The rise in digital has already disrupted a number of sectors, and financial services is no different. Fintech has dominated the headlines in recent years and has proven to be more than simply a novelty, as it is enabling traditional financial services firms to innovate and thrive in the competitive global market. Regtech looks set to follow in its predecessors’ footsteps and seeks to take advantage of a gap in the financial services sphere by creating a more efficient and effective way of dealing with regulation.

This innovative technology will help firms to understand and manage any potential risk much more effectively, and also enable them to capture and store the data they need to produce in order to appease the regulator. This could have a huge impact on the industry and should help firms to process their data in line with newer regulations such as Solvency II, or the Senior Managers Regime.

Automation & regulation

As digital continues to move into every sector, it’s important that firms are updating their tools and processes to ensure they are working in the most efficient way possible. With new rules constantly being introduced or updated, remaining agile is crucial for companies that want to process and analyse their data in line with any industry changes.

The FCA recently said that that Regtech would transform the way companies manage their customer due diligence and change how anti-fraud measures work. By automating due diligence, tech will help businesses tailor their data to reflect how the company manages its risk.

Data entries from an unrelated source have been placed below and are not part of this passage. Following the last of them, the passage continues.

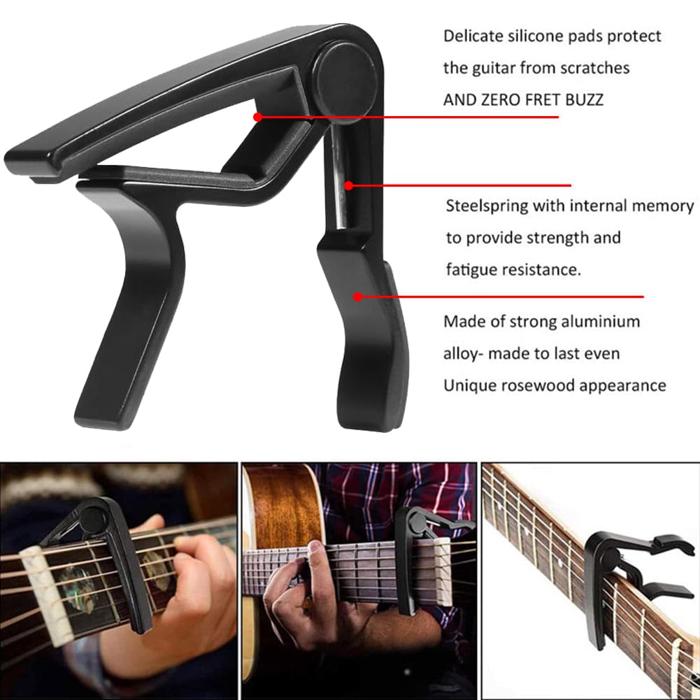 Instruments de musique - Découvrez notre offre Capodastre Guitare avec 5 Mediators Unique Utilisation à Une Main Changement Rapide en Alliage d'aluminium Noir Capos pour Ukul [127]. Livraison gratuite à partir de 25€* | Paiement sécurisé | 4x possible | Retour simple et rapide 🎵Caractéristiques: La corde est fermement pressée, la force est appliquée uniformément et le ton est clair. Capo Rapide Une Main Capodastre De Guitare électrique En Alliage à Dégagement Rapide Accessoire Guitare Acoustique électrique Ukulélé Caractéristiques: 1., Fabriqué en alliage, solide et durable., 2., Conception de forme élégante, concise et incurvée, s'adapte bien à la guitare et à d'autres instruments de musique, a une excellente sensation de main., 3., Ressort en acier de qualité avec mémoire interne qui résiste à l'usure., 4., Le tampon en silicone de qualité est conforme à la touche et les frettes peuvent assurer un bon son et éviter les rayures., 5., Excellente structure sur la base de la conception de la théorie de la mécanique, facile à ouvrir, mais peut serrer fermement et facile à rester à l'écoute. 🎵Facile à utiliser: tout en se déplaçant rapidement sur différents instruments,Convient parfaitement aux guitares électriques et acoustiques, au banjo ukulélé, aux guitares folk et à la mandoline, etc. Il sera bien clipsé sur les cordes et plus de bourdonnement de frette avec un capo haute performance. Capodastre en Forme de Requin - 5 Couleurs Fluo aléatoires Adagio - Capo Pro Deluxe Pour Guitares Acoustiques Et électriques Avec Libération Rapide Et Extracteur De Pince 🎵Matériau:Fabriqué en alliage de zinc de haute qualité, présente une résistance à l'oxydation et une dureté élevées, et atteint une résistance et une résistance à l'usure élevées. Après le changement de clé, la difficulté du morceau est réduite et la lecture est plus facile. Contenu du colis: 1x Capo à ressort 5x médiators
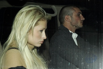 Paris Hilton i Stavros Niarchos probuja sie ukryc przed paparazzi wychodzac z baru Woo Lae Oak Of Beverly Hills
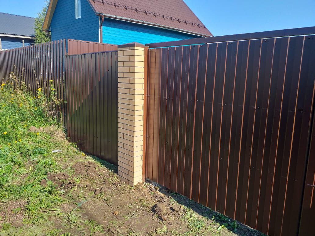 Заборы и ограждения из профнастила с кирпичными столбами 50 метров в Петушках
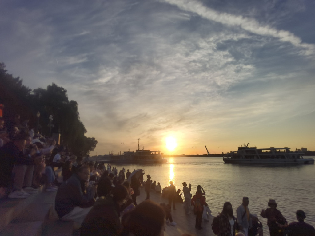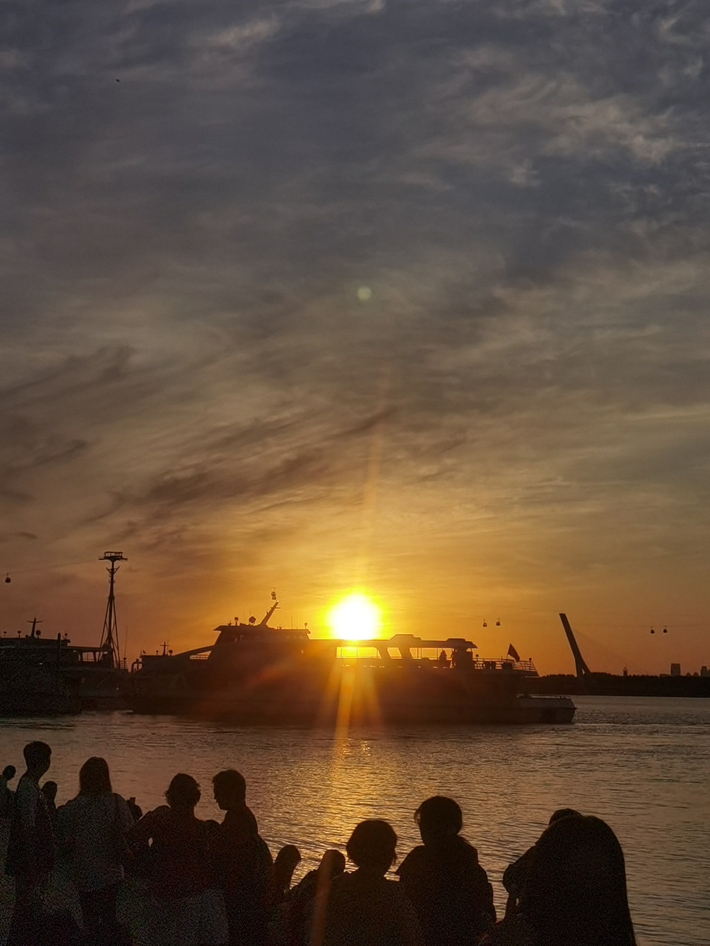 5点我们到了松花江边看夕阳西下,海鸥飞翔,轮舟竞渡,游人如织…
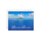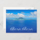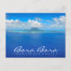 Postkarte mit Luftbild über die tropische Insel Bora Bora mit türkisfarbener Lagune im Pazifik bei Tahiti in Französisch-Polynesien mit dem Text: "Bora Bora, Französisch-Polynesien".
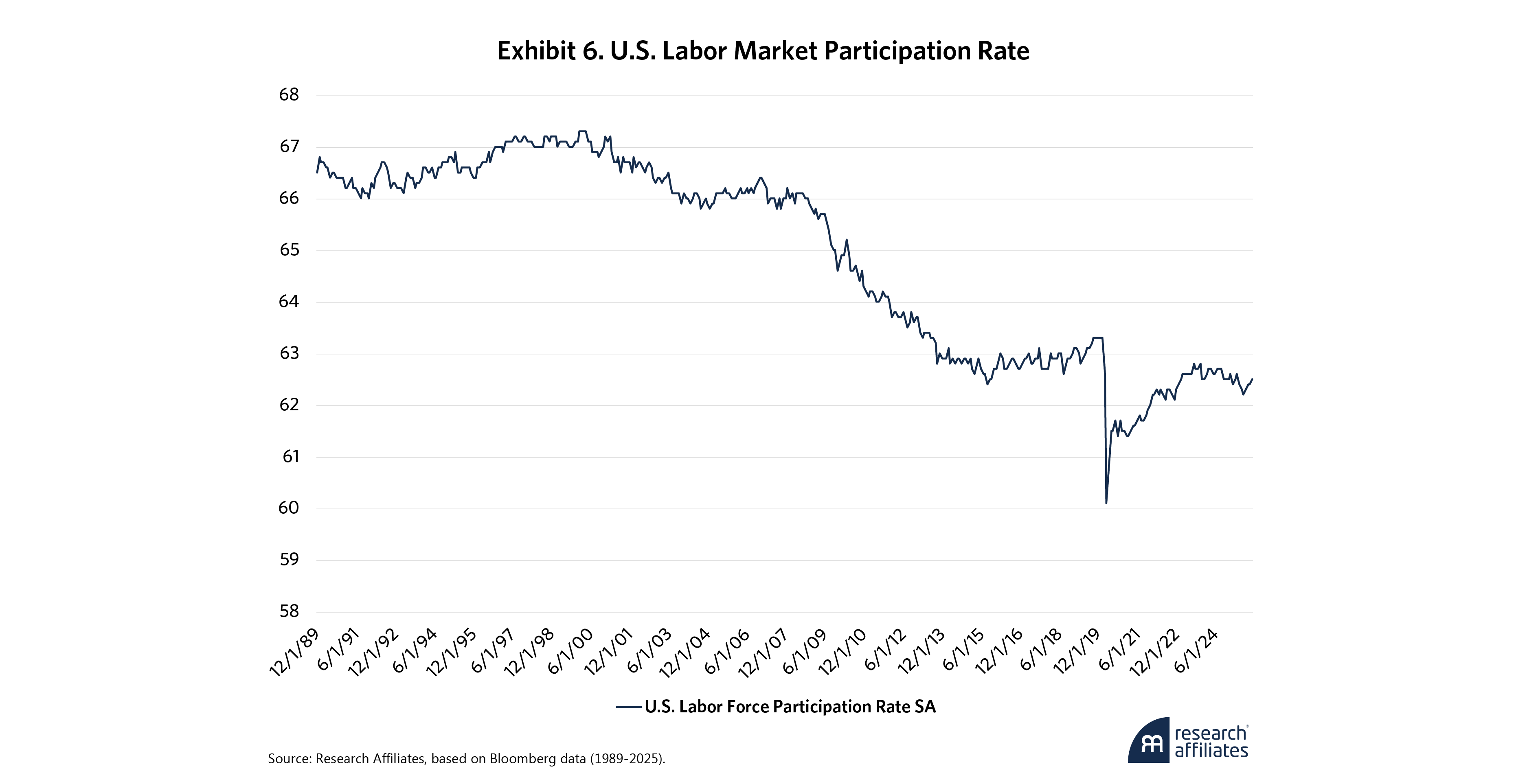 Governments now carry historically high debt-to-GDP ratios and have less fiscal room to respond to shocks. Gross U.S. federal debt exceeds 120% of GDP. Europe and Japan are similarly in the red. Higher interest rates make servicing these debts more challenging. As such, fiscal policy could contribute to, rather than counteract, instability and volatility amid a rapidly changing labor force due to automation, aging demographics and immigration reduction.
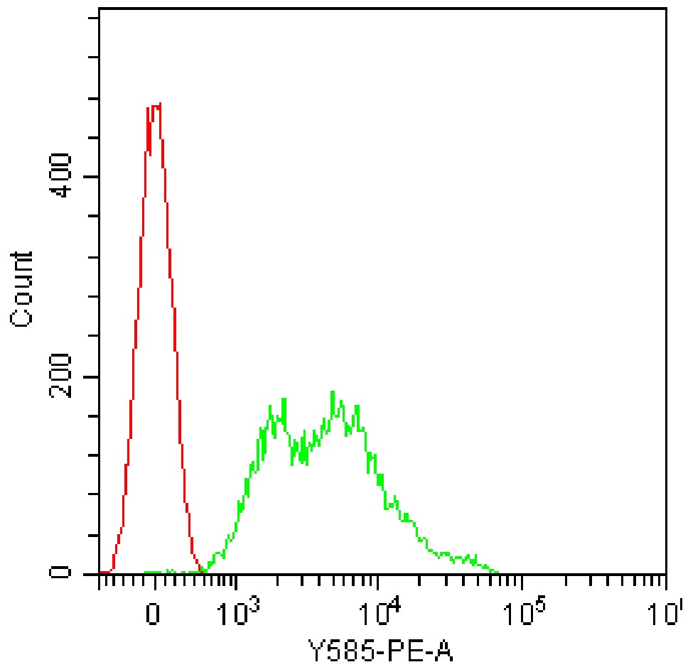 • Staining normal human peripheral blood mononuclear cells (HPBMCs) with PE Human CD53 Antibody (Clone: HI29) (Product Number: H3182) for extracellular staining (green, red is unstained control). Analysis was performed on total live cells.
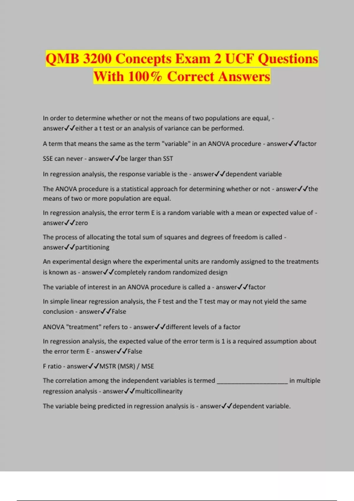 qmb 3200 concepts exam 2 ucf questions with 100 c

Brexit has already shown how quickly things can change within the financial services sector and has highlighted the need for agile systems.  Having automated tools to cope with existing regulation will mean that an organisation is flexible enough to deal with any changes that may occur in the future.

Moving away from the classic spreadsheet

Many companies within the financial services sector still rely heavily on spreadsheets when it comes to analysing data. Whilst there are some instances where a spreadsheet is the best option, this is normally limited to a single set of data that will not change. Most companies, however, need to analyse vast amounts of data that are constantly changing – something which a spreadsheet is not equipped to handle.

Instead, businesses need to embrace automated planning and processing tools that are agile enough to cope with constantly changing information. M&S recently needed to amend its financial results – after they were published – due to a fault on a spreadsheet, which shows how unreliable this program can be with large data volumes.

Only time will tell whether Regtech will have quite the same impact as Fintech, but there is clearly a gap in the market for new technology to help companies within the industry cope with the regulations that are increasingly being imposed on them. As the sector moves towards more automated systems, businesses that are still using spreadsheets and old planning processes will struggle to compete with those that are embracing new digital tools that will help them remain both agile and successful.